The molar mass of KMnO4 can be calculated as follows:
K (potassium) = 39.10 g/mol
Mn (manganese) = 54.94 g/mol
O (oxygen) = 16.00 g/mol x 4 = 64.00 g/mol
Molar mass of KMnO4 = 39.10 + 54.94 + 64.00 = 157.04 g/mol
Now, divide the given mass of KMnO4 by its molar mass to convert it to moles:
Number of moles of KMnO4 = 100 g / 157.04 g/mol
Step 2: Use stoichiometry to relate the moles of KMnO4 to the moles of O2.
From Equation 1, we know that 2 moles of MnO2 react with 1 mole of O2 to produce 2 moles of K2MnO4.
Based on Equation 1, we can set up the following ratio:
2 mol O2 / 2 mol K2MnO4
Step 3: Calculate the moles of O2 required.
Multiply the moles of KMnO4 (calculated in Step 1) by the ratio obtained in Step 2:
Number of moles of O2 = Number of moles of KMnO4 x (2 mol O2 / 2 mol K2MnO4)

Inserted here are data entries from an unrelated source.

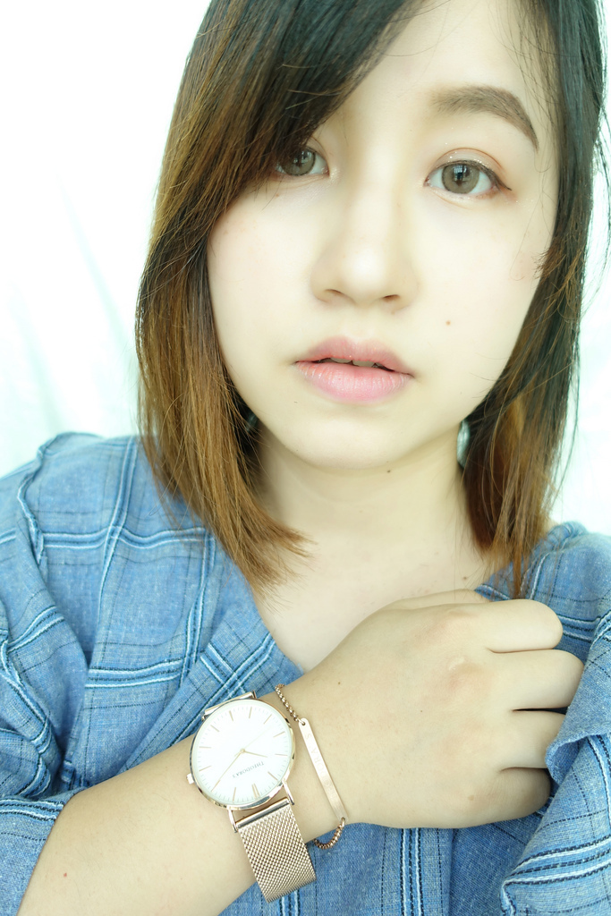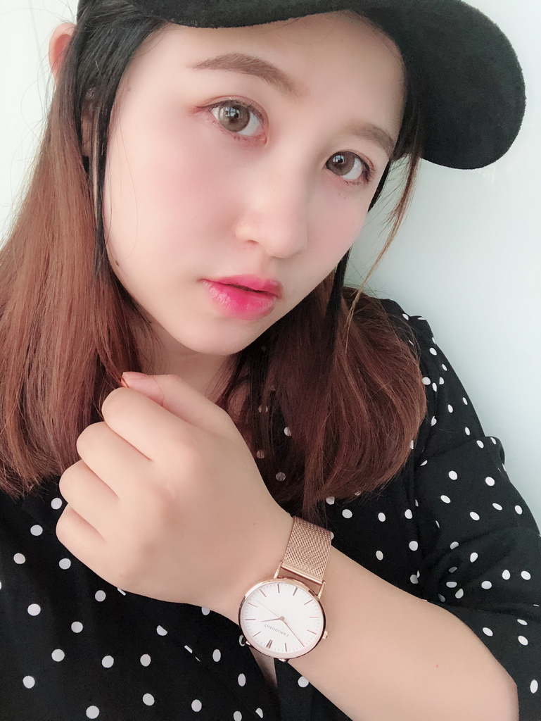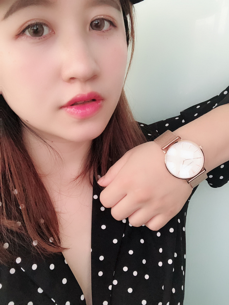實際配戴Gaia 極簡羅馬花紋金屬腕錶 雕花白-米蘭玫金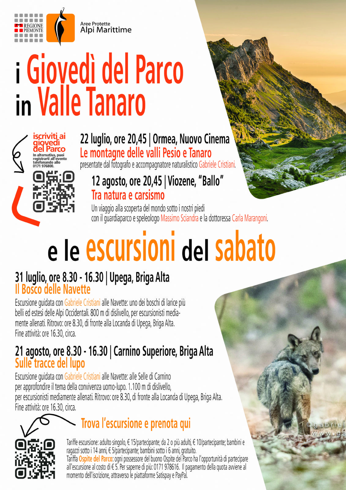 Tariffa Ospite del Parco: ogni possessore del buono Ospite del Parco ha l'opportunità di partecipare all'escursione al costo di 5 €. Per saperne di più: 0171 978 616. Il pagamento della quota avviene al momento dell'iscrizione, attraverso le piattaforme Satispay e PayPal.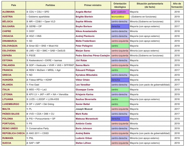 En este cuadro-resumen elaborado por el Barcelona Centre for International Affairs (CIDOB) se puede repasar en un golpe de vista cómo están las cosas en la UE, frente a la anomalía española, donde los pactos siguen sin llegar.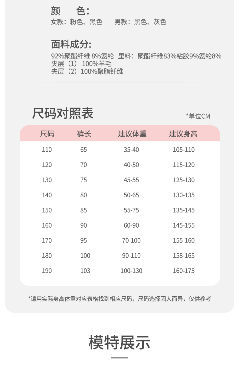 - ¥54.00男童特厚100羊毛裤(新款),80码裤长建议身高135-140cm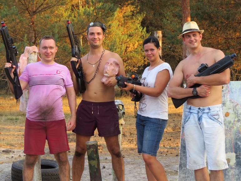 Друг мужа решил отметить свои 30 лет оригинальным способом. Поиграть в войнушку с лазерными автоматами. Сначала у меня возникли опасения на счет этого замысла, физически неподготовленной бегать по жаре. Но мне очень понравилось! И всем кто играл. Сначала я выбилась из сил, но потом открылось второе дыхание и азарт берет верх. Хорошая тренировка между прочим, потом все болело неделю)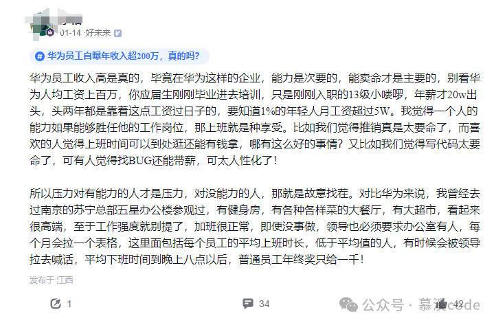 看来,华为员工的“高薪”背后,是高强度的工作和无休止的加班啊!这“百万年薪”,怕不是用“肝”换来的吧?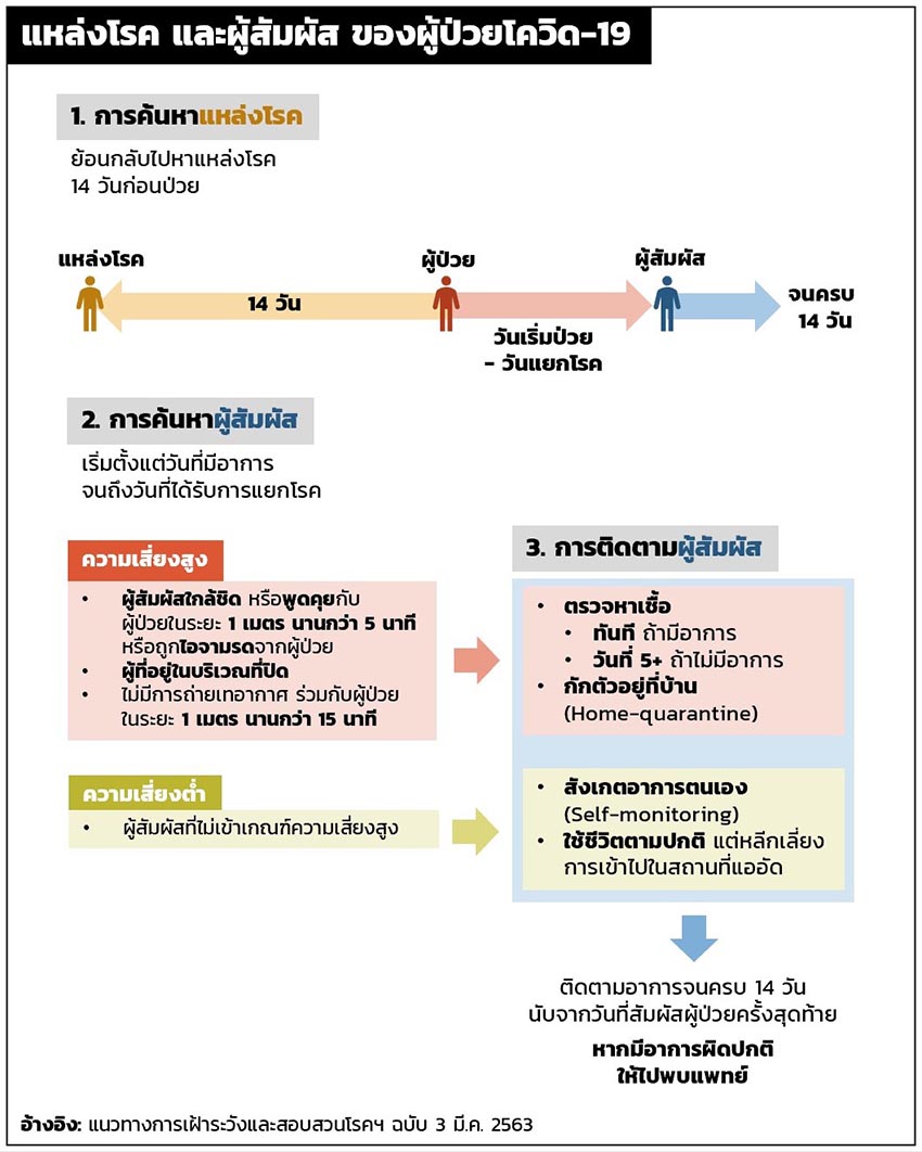 ดังนั้นในแนวทางการสอบสวนโรค จึงแบ่งผู้สัมผัสออกเป็น 2 กลุ่ม คือกลุ่มความเสี่ยงสูงและความเสี่ยงต่ำ โดยผู้สัมผัสความ ‘เสี่ยงสูง’ ได้แก่ ผู้สัมผัสใกล้ชิด เช่น พักอาศัยในบ้านหลังเดียวกัน ผู้ที่พูดคุยกับผู้ป่วยในระยะ 1 เมตร นานกว่า 5 นาที โดนไอจามรดโดยไม่ได้สวมหน้ากากอนามัย หรือนั่งใกล้ผู้ป่วยในสถานที่ปิด เช่น นั่งในรถโดยสารในระยะ 1 เมตร นานกว่า 15 นาที ส่วนที่เหลือจัดเป็นผู้สัมผัส ‘ความเสี่ยงต่ำ’

Step 4: Convert the moles of O2 to grams.
To do this, we need to know the molar mass of O2, which is 32.00 g/mol.
Now, multiply the moles of O2 (calculated in Step 3) by its molar mass to convert it to grams:
Mass of O2 = Number of moles of O2 x 32.00 g/mol
This will give you the mass of oxygen required to produce 100 g of KMnO4.